Presidents Bill Clinton and George W. Bush never faced a pandemic, but both came to understand what a major global health crisis could mean for the United States, and each took steps to prepare. Through interviews with former high-ranking officials — including Kenneth Bernard, Tommy Thompson, Mike Leavitt and Frances Townsend — ‘Fair warning’ documents Clinton’s creation of the Strategic National Stockpile in 1999, Bush’s response to outbreaks of SARS and avian flu, and the passage of the Pandemic and All Hazards Preparedness Act in 2006, which fast-tracked the production of future vaccines.
President Barack Obama put pandemic preparedness to the side upon taking office, focusing instead on an economy in free fall. But the 2009 outbreak of H1N1, the first flu pandemic in 40 years, made health security an urgent priority for his administration; later, it would confront the emergence of Ebola in West Africa. Through interviews with former top officials — including Dennis Carroll, Nicole Lurie, Ron Klain and Chris Kirchhoff — ‘Guided by the science’ portrays a White House that quickly gained critical expertise and that left behind a pandemic playbook for the next administration to draw upon.

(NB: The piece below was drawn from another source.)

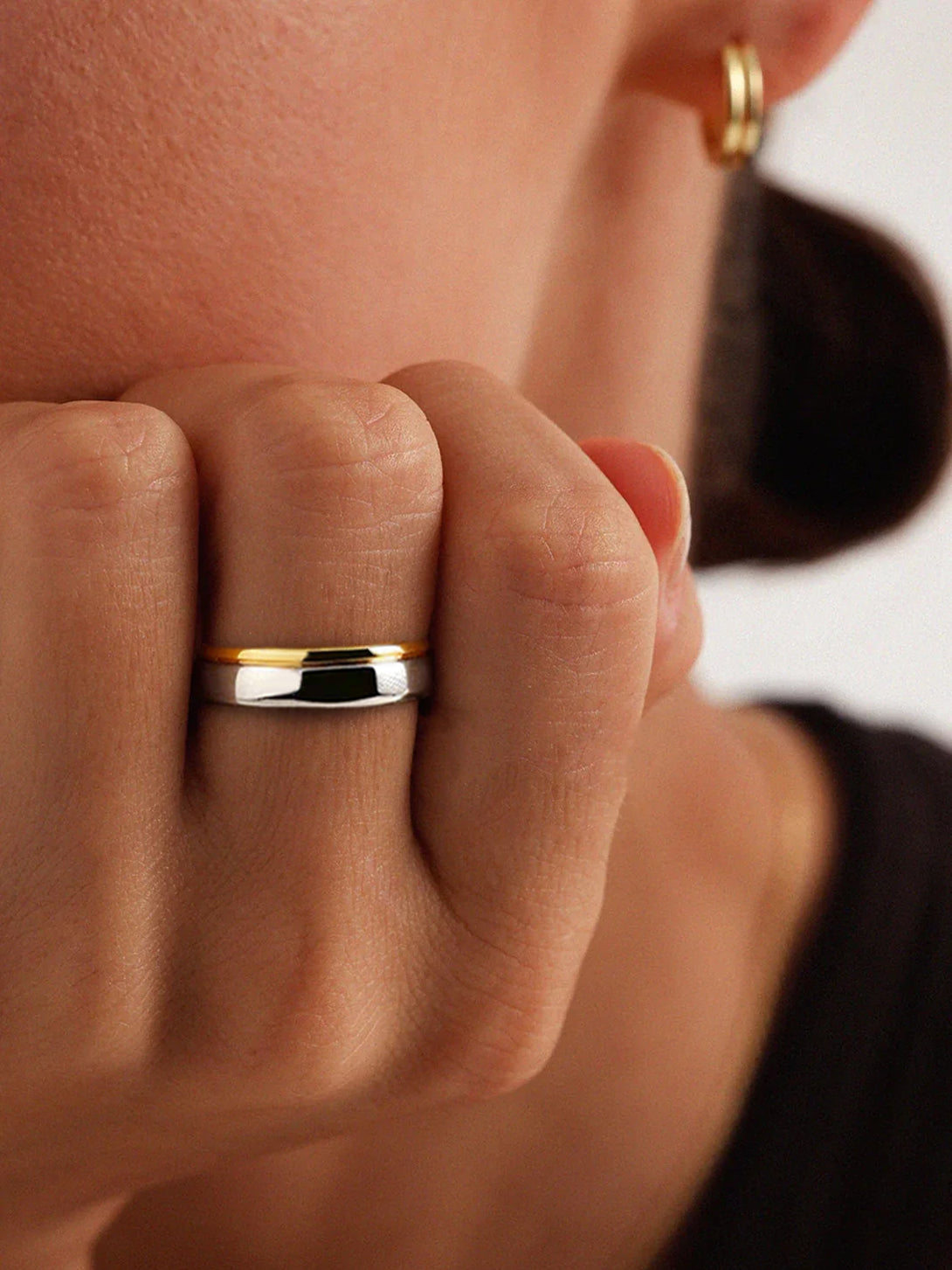 Make a statement with the Mixed Bold Band Ring. A fusion of bold design and intricate detail, this ring is a standout piece that speaks volumes.

Despite decades of warnings and preparation, President Trump has claimed that the novel coronavirus “came out of nowhere.” He downplayed the coronavirus as it began to take hold in the United States, disregarding the advice of experts and politicizing a health crisis. Through interviews with former Trump administration officials Mark Harvey and Olivia Troye, along with Washington Post reporters Dan Balz and Yasmeen Abutaleb, ‘Playing it down’ explores why the White House was slow to respond to the pandemic, and the far-reaching consequences of its inaction. After months of mixed messages, contradictory policies, divisive rhetoric — and more than 225,000 deaths — the president continues to insist the virus will one day disappear.